Car finance giants face legal claims of over £1bn for ripping off consumers

Around a million UK consumers could have unwittingly overpaid for car finance over a six year period.

*UPDATE: Since we published this story the Financial Conduct Authority has launched a major investigate whether car finance customers are owed compensation for being charged too much for car loans. It is looking at whether car finance customers are owed compensation for being charged too much for car loans and has said it will ensure consumers are paid what they’re owed if it finds ‘widespread misconduct’. Read our latest guide to understand what your options are for claiming car finance compensation.*

Three collective action lawsuits have been filed at the specialist competition court accusing the three largest car financing companies, Lloyds Banking Group, MotoNovo and Santander, of acting to inflate interest rates.

This anti-competitive conduct meant UK consumers were paying too much – to the tune of £1bn. They claim that consumers were charged higher interest rates when buying used cars on finance due to anti-competitive agreements between providers of car finance and dealers.

Doug Taylor, an experienced consumer advocate who filed the claims, said:

‘We believe that Black Horse Ltd (Lloyds Banking Group), MotoNovo and Santander took advantage of their customers. Affected consumers unknowingly paid more for their car loans because of the way these companies incentivised dealers.


What is wrong with the car finance agreements?

Between 2015 and 2021 car dealers or finance providers decided the level of commission they earned from arranging car finance for customers. This usually meant that the level of commission was tied to the interest rate. This practice of ‘discretionary commission’, which was used across the car financing industry, was banned by the financial regulator in January 2021. These car finance deals are said to have incentivised car dealers to charge consumers higher interest rates than they otherwise would have done, in order to receive a higher rate of commission.

Taylor, who is seeking to lead the claim on behalf of UK consumers, said:

‘With this legal action, I am standing up for people across the UK who have been affected by the actions of these companies, seeking justice and compensation for the financial losses they have suffered.’

Legal team behind the claims

Taylor is being supported by Scott + Scott, a global law firm which has already filed two other group claims, including on car delivery charges.

Belinda Hollway, Partner at Scott + Scott said:

‘We are proud to be working alongside Doug Taylor to seek justice for consumers across the UK who have been taken advantage of by these large finance companies, and to help them get back what they’re owed.’

The action is funded by Woodsford, a global litigation finance business.
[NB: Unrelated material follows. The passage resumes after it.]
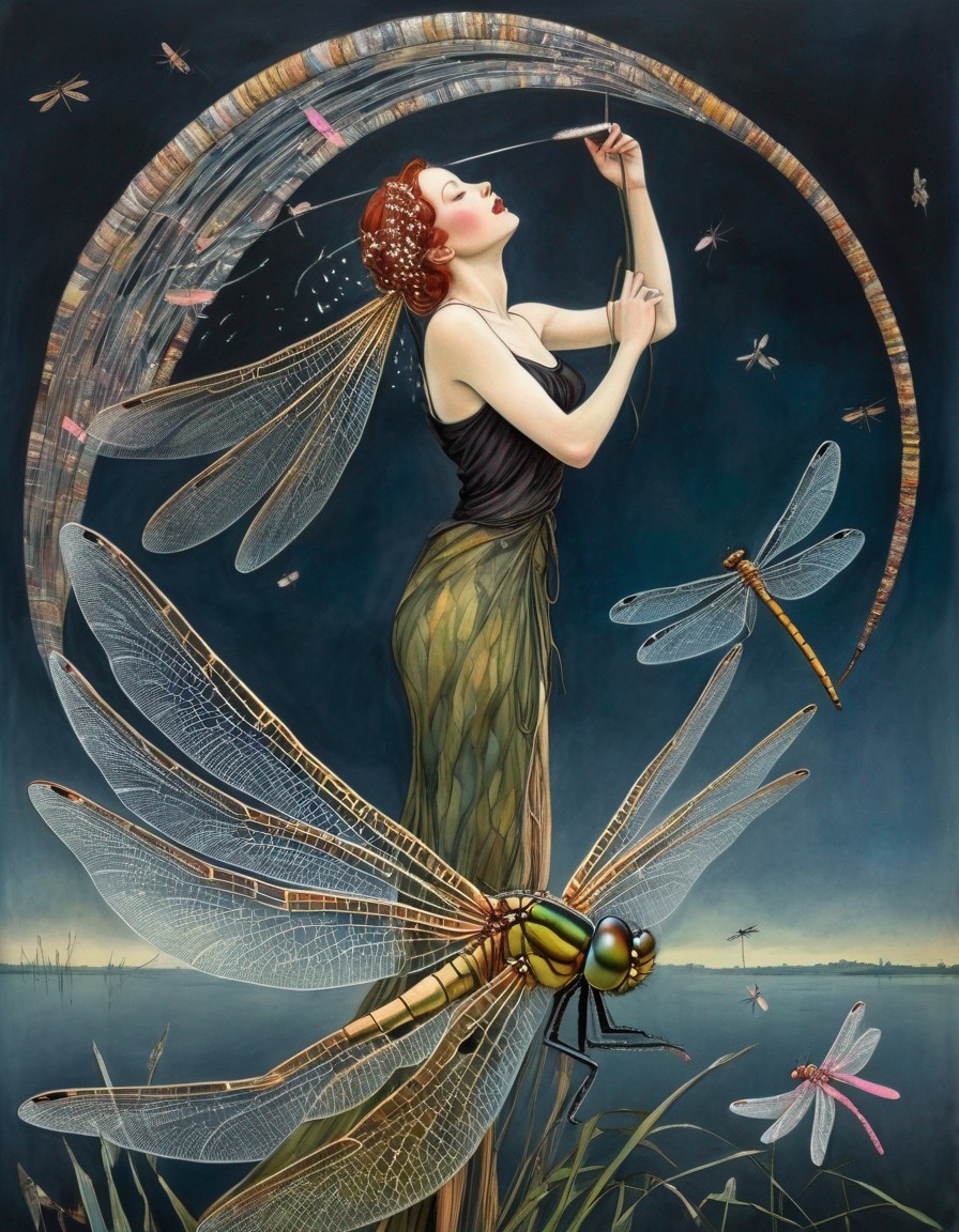 A stylized painting of a woman with dragonfly wings holds a needle, with giant dragonflies and water lilies in the background.

Charlie Morris, Chief Investment Officer for Woodsford, commented:

‘Litigation finance is fundamental to actions of this kind; it levels the playing field and provides consumers with equality of arms and affords access to justice so that companies like Black Horse Ltd., MotoNovo and Santander can be held to account for their misconduct.’

Who is eligible for compensation?

Anyone who entered into a car finance agreement with Black Horse (Lloyds Banking Group), MotoNovo Finance or Santander to purchase a used car between 01 October 2015 and 27 January 2021. Up to one million consumers may be affected.

Sign up to Consumer Voice to stay updated as the claim progresses. 

Investigation into the car financing industry

The practice of ‘discretionary commissions’ was banned by the Financial Conduct Authority (FCA) in January 2021 after investigations led to concerns that the model wasn’t in the best interests of consumers and pushed them into poor deals, even when better deals were available. 

The FCA estimated that this practice cost consumers around £165 million per year. No compensation was given to consumers as part of this investigation and the banning of these commissions.